March 17 (Reuters) - Traders of futures tied to the Federal Reserve's policy rate have stuck to their bets of a quarter percentage point interest rate hike next week as relative calm prevailed in global financial markets for a second day running and a U.S. inflation survey showed near-term expectations for price pressures dropping to their lowest level in almost two years.
It caps a tumultuous week in which money market pricing experienced wild swings, with predictions of a 50 basis point move jettisoned after the collapse of two large regional U.S. banks prompted emergency action from the Fed and other regulators, and rates seen unchanged at one point, before traders by Thursday once again coalesced around a 25 basis point hike as fears of a new global banking crisis abated.
Policymakers now have almost all relevant economic data in hand before they convene on March 21-22, a year into a the fastest tightening cycle since the early 1980s designed to quash high inflation. While a key inflation report and jobless claims report this week suggested inflationary pressures are far from vanquished, a separate survey on inflation expectations released on Friday offered more encouragement.
The University of Michigan's preliminary March reading of one-year inflation expectations fell to 3.8%, the lowest since April 2021, from 4.1% in February.
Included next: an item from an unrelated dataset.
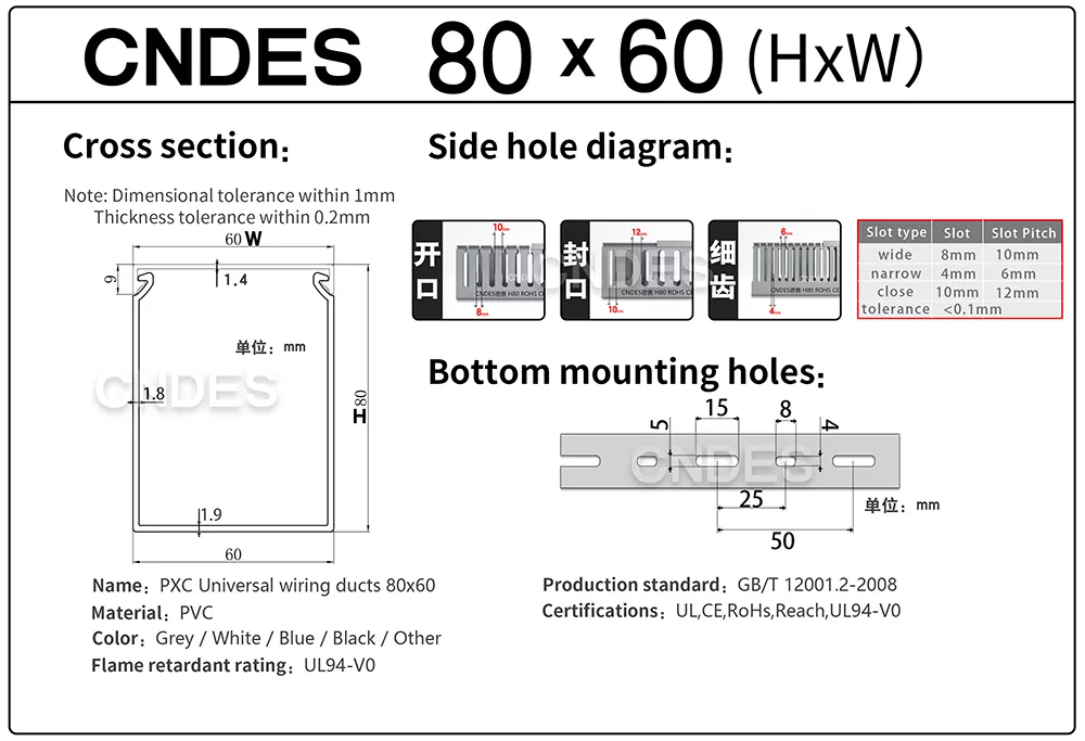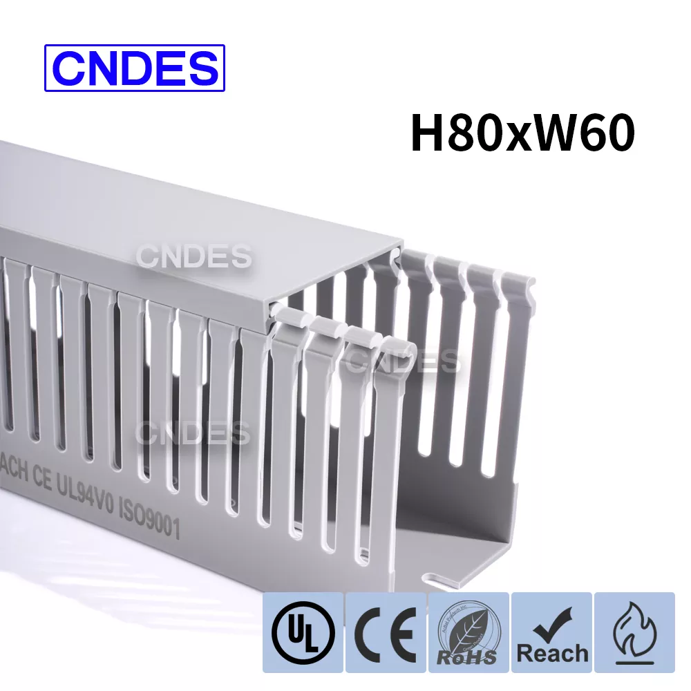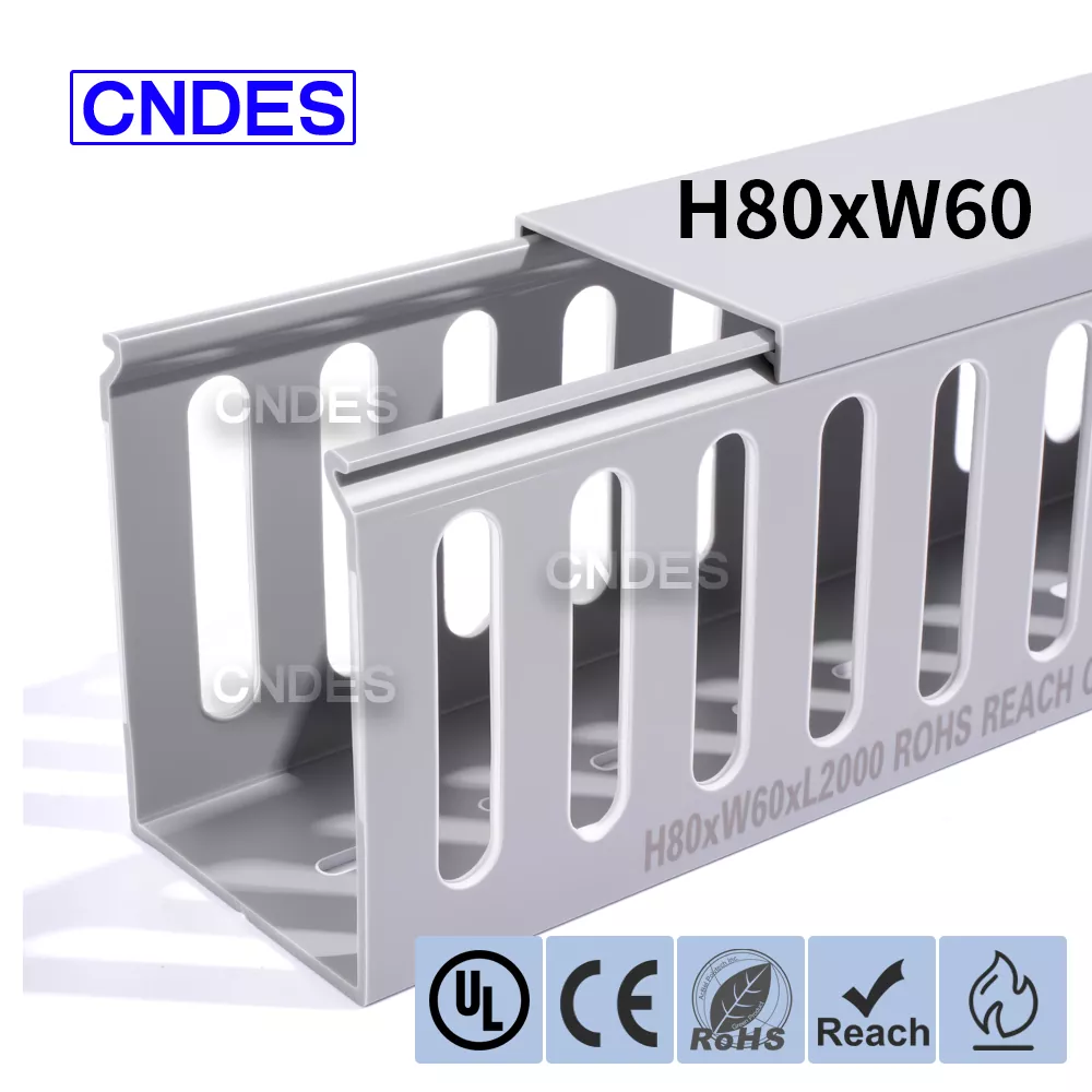 CNDES je přední výrobci a dodavatelé štěrbinových PVC kabelových kanálů uvedených na seznamu UL s konkurenčními továrními cenami! Tato přizpůsobená 80×60 uvedená štěrbinová PVC kabeláž má rovnoměrně rozmístěné otevřené štěrbiny na obou stranách pro rychlé vedení kabelů, navlékání a budoucí údržbu. Rozšířené okraje štěrbin zvyšují strukturální tuhost a zároveň rozšiřují kapacitu kabelu. Zaoblené hrany zabraňují poškození izolace rukou nebo vodičů během instalace. Drážkovaný PVC kabelový kanál uvedený na seznamu UL obsahuje protiskluzové kryty, které zajišťují bezpečné uzavření a zabraňují náhodnému otevření.
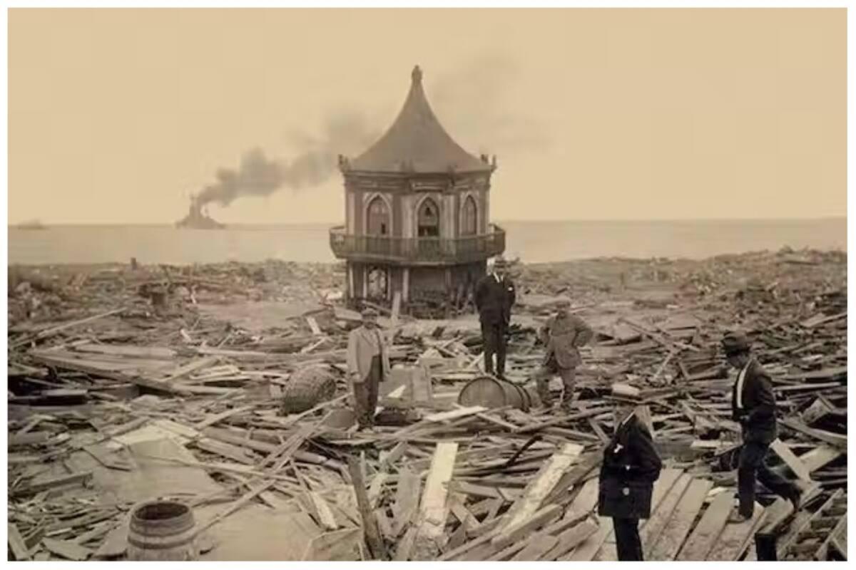 Una de las calles de Coquimbo (Chile) después del tsunami producido por el terremoto originado en Atacama en noviembre de 1922. Biblioteca Nacional de Chile

Its five-year inflation outlook dropped to 2.8%, falling below the narrow 2.9-3.1% range for only the second time in the last 20 months.
The surveyors noted about 85% of their interviews were conducted before the failure of Silicon Valley Bank.
"To pause here would provide no relief to the idiosyncratic issues for banks, and the Fed would risk losing all of the hard-fought progress made in getting inflation expectations reanchored," said Thomas Simons at Jefferies, who forecasts a quarter point hike at the upcoming meeting. "It is important to keep in mind that these expectations are predicated on the expectation that the Fed maintains its stance on fighting inflation."
Economists polled by Reuters also forecast that magnitude of rate increase, with 76 of 82 of those surveyed predicting a quarter-point hike, bringing the central bank's benchmark policy rate to a 4.75%-5.00% range.